Step 5: Avoid Common Mistakes
Many financial services submissions fall short because of avoidable errors:
- Too Much Jargon: Judges may not be experts in Basel III or IFRS details. Simplify technical language.
- Vague Claims: “We improved service” is weak; “We cut service times by 70%” is strong.
- Leadership-Centric Narratives: Recognition is about work, not just executives. Highlight teams and results.
- Lack of Evidence: Claims must be supported with data, testimonials, or reports.
Strong submissions balance clarity, evidence, and customer impact.
Step 6: Collaborate Across Departments
Award submissions often require input from multiple teams:
- IT for system performance data.
- Operations for process improvements.
- Compliance for regulatory metrics.
- Marketing/communications for customer surveys.
- Finance for cost savings or revenue growth data.
Assign a coordinator to gather inputs and ensure consistency.
Step 7: Prepare Supporting Materials
Globee Awards allow attachments that strengthen submissions, such as:
- Screenshots of dashboards or platforms.
- Internal reports or metrics summaries.
- Testimonials or customer feedback forms.
- Media coverage highlighting achievements.
Keep these concise and directly relevant. Too many attachments dilute the impact.
Step 8: Submit Before Deadlines
Like financial reporting, timeliness matters. Missing a deadline means missing recognition opportunities for the year.
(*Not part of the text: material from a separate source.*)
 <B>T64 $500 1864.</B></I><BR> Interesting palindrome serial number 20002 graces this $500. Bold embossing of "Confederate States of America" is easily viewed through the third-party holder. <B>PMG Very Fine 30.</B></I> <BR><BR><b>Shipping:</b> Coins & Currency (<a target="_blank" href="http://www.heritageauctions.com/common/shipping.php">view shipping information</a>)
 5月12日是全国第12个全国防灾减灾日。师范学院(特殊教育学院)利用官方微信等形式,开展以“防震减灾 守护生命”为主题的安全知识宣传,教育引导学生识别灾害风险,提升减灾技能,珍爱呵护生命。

Create an internal timeline:
- Week 1: Identify projects.
- Week 2–3: Gather data and testimonials.
- Week 4: Draft and review submission.
- Week 5: Finalize and submit.
Submitting early allows time to fix errors or add details.
Step 9: Celebrate Recognition Internally and Externally
Winning an award is just the beginning. Firms should:
- Celebrate Internally: Share the news with employees via newsletters, intranet, or events.
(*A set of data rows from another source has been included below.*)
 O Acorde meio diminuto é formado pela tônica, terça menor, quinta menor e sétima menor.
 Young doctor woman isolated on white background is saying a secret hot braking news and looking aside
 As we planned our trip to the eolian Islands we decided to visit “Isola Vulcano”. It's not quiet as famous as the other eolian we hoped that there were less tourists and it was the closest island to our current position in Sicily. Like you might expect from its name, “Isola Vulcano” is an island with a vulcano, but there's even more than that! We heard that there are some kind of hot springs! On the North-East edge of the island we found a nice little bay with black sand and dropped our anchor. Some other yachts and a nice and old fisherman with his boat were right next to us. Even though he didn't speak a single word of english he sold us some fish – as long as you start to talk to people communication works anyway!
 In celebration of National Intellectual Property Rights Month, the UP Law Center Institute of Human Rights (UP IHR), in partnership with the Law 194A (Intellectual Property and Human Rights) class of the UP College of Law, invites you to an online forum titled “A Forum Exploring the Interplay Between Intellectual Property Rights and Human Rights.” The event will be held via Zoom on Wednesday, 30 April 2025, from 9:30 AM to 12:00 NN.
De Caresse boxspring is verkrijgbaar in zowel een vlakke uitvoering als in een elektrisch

- Highlight Externally: Issue press releases, update websites, post on social media.
- Showcase to Clients: Mention recognitions in proposals, reports, and presentations.
- Frame for Investors: Awards provide independent validation to strengthen investor confidence.
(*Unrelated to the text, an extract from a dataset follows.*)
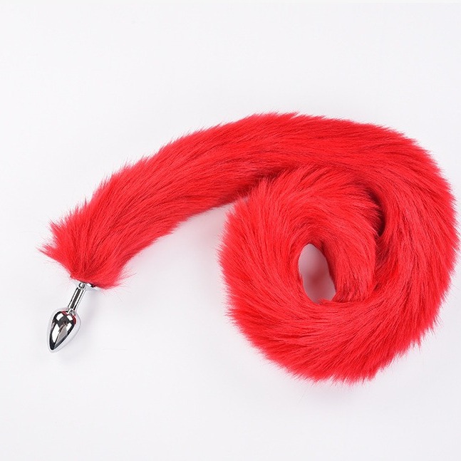 extra long red artificial wool-metal butt plug large

Recognition works best when it is shared broadly and used strategically.
Step 10: Build a Recognition Roadmap
Awards should not be a one-off activity. Firms should:
- Track Achievements Year-Round: Keep a running list of potential submissions.
- Create a Recognition Committee: Assign responsibility for identifying projects and drafting entries.
- Align With Strategy: Submit projects that reflect the firm’s goals (e.g., digital growth, risk reduction, customer trust).
- Benchmark Against Peers: Use awards to see how your results compare to competitors.
- Repeat Annually: Make recognition part of the culture.
Why Globee Awards Are the Right Platform
For financial services firms, the Globee Awards stand out because they:
- Cover categories across innovation, operations, compliance, digital, and customer service.
- Recognize individuals, teams, firms, and products.
- Are data-driven and neutral, ensuring fair evaluation.
- Provide publicly verifiable recognition, creating lasting credibility.
- Accept entries from both large global banks and agile fintech startups.
In a trust-based industry, this transparency and independence are essential.
Final Thoughts
Applying for Globee Awards is not just about chasing trophies—it is about building a culture of measurable excellence and public credibility.
By identifying the right achievements, collecting strong evidence, and framing submissions around outcomes and impact, financial services professionals and firms can confidently participate. The benefits go far beyond recognition: motivated employees, stronger reputations, more loyal clients, and increased investor confidence.
In a sector where trust is everything, Globee Awards offer the ultimate validation. They transform achievements into publicly verifiable recognitions that strengthen credibility and inspire future innovation.